Public sector pension reforms ineffective

Public sector pension reforms ineffective

An independent pensions consultant claims that the government’s proposed reforms to public sector pensions will result in no cost savings whatsoever.

John Ralfe says that the savings which will be made by increasing the public sector pension age to 67 will be cancelled out by the faster build up of pensions in the new schemes.

The Government has defended the effectiveness of the reforms, claiming that Mr Ralfe’s calculations are based on a partial analysis and do not take either higher pension contributions or reduced levels of inflation proofing into account.

As well as increasing the pension age, the Government plans to introduce career average schemes for most public sector employees, as these will be cheaper to fund.

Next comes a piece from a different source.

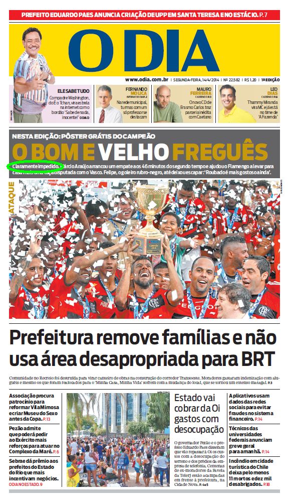 O Dia - Não destacou o gol irregular na manchete. Informou, em letras pequenas, na capa: "Claramente impedido, Márcio Araújo arrancou um empate aos 46 minutos do segundo tempo..."

It also plans to increase the amount that workers’ must contribute to their pension scheme.

The Government has already cut pension costs by changing the way public sector pensions are inflation-proofed.

They are now linked to the consumer prices index (CPI) rather than the retail prices index (RPI) because the CPI is designed to rise more slowly.

However, Mr Ralfe points out that improved accrual rates, introduced after recent negotiations with trade unions, will mean that the proposed pension deal will generate no savings compared with the existing arrangements.

Meanwhile, Unison has criticised the Government for focusing on public sector pensions instead of the crisis facing private sector pensions.

Dave Prentis, general secretary of Unison, said: ‘The real pensions timebomb is in the private sector.

‘Already two thirds of these workers get nothing from their employers towards their pensions - this could cost the taxpayer billions in the future.

‘The situation will spiral even further out of control, if more schemes are shut down and the taxpayer has to step in to cover the cost of supporting even more workers in their retirement.’